「石原慎太郎さんとの私的な思い出 3」 続:身捨つるほどの祖国はありや 16
Japan In-depth / 2022年4月12日 13時12分
事務所の秘書のなかには、「大変です!大統領から電話です」と大声を出すものもいたから、固定電話に自分で電話してこられたのだろう。私の秘書がとって、それから私に回したのだったのだろう。
最近、平川祐弘先生の書かれた『昭和の大戦とあの東京裁判』(河出書房新社)を読んでいて、石原さんについて、はたと思い当たることがあった。
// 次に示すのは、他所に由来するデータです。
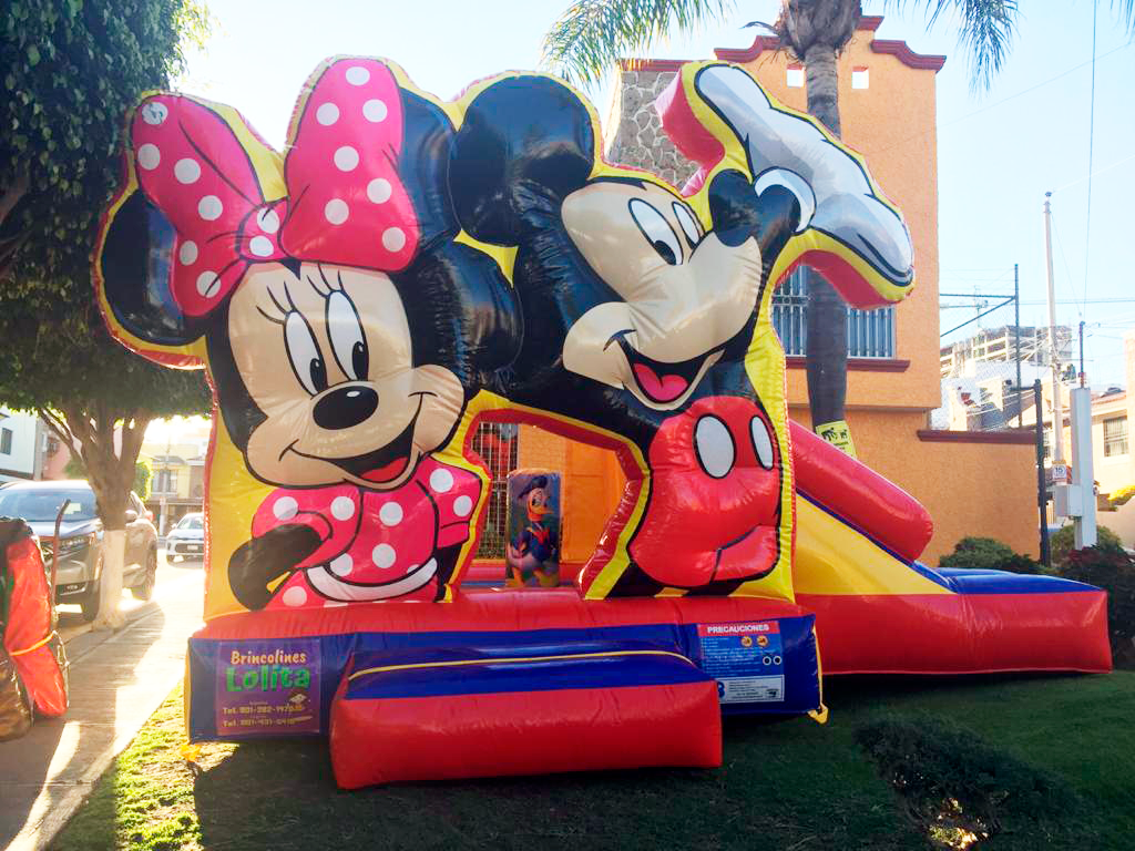 Inflable Mickey y Minnie 5x4m con rampa. Diseño temático, seguro y resistente. Perfecto para renta en fiestas infantiles y eventos especiales.

「私の少年時代は、日本人が劣等感を抱かずに胸を張っていた時代である。毎夏、房総半島へ避暑に行くと 、帝国海軍の軍艦が何隻も沖に見えた。日本は世界の三大海軍国の一つであった。誇り高い少年として育ったことが、私の人格形成と関係しているように思えてならない。」(143頁)
平川氏は1931年の生まれ、そして石原さんは1932年の生まれである。
なるほど、と私は悟るところがあったのだ。
石原さんは、敗戦のすぐ後、相模湾を一望できる丘に登って、海を埋め尽くしてしまうほどにたくさんのアメリカ軍の艦船が、湾に浮いているのを見たと書いている。中学1年生のときのことであろう。日本について誇りを持った少年であったのだ。
そうでなければ、東京裁判を観に行って下駄ばきで階段を歩いていたことを咎められたことを書きとめはしない。逗子の街中で、通りすがりのアメリカ兵にアイスキャンディーで顔をはたかれたことに触れたりもしない。
既に、その年齢で、石原さんのアイデンティティの一部としての、誇り高い祖国としての日本が確立していたのである。
私は、このことに気づいてから、たった3年遅れで生まれた大江健三郎氏について、そういうことだったのかとつくづく考えた。それは、先年私が出した『身捨つるほどの祖国はありや』の元となった歌をつくった、同じ1935年生まれの寺山修司についてもあてはまる。
つまり、10歳は自分と祖国の関係についてアイデンティティが確立するには幼過ぎたのだ。だから、大江氏は日本について石原さんのような誇りをもつことがなかった。『遅れてきた青年』と考えざるを得なかったのである。
寺山修司は?
身捨つるほどの祖国はないと、たぶん、みなし子のように感じたのではないか。
10歳と12歳。
自分のことを思い返してみる。
私は10歳まで東京にいた。豊島区の大成小学校というところに通っていた。小学校5年生になるときに広島に転居した。父親の転勤があったからである。一家6人の、国鉄の貨車を使っての引っ越しだった。引っ越し前に家に何人もの男が入ってきて、金づちと釘を使って木の枠をつくり、箱に組み上げて、そこに箪笥や冷蔵庫を入れるのだ。それが近くの駅に運ばれ真っ黒なワムと呼ばれた型式の貨車に載せられた。コンテナのない時代である。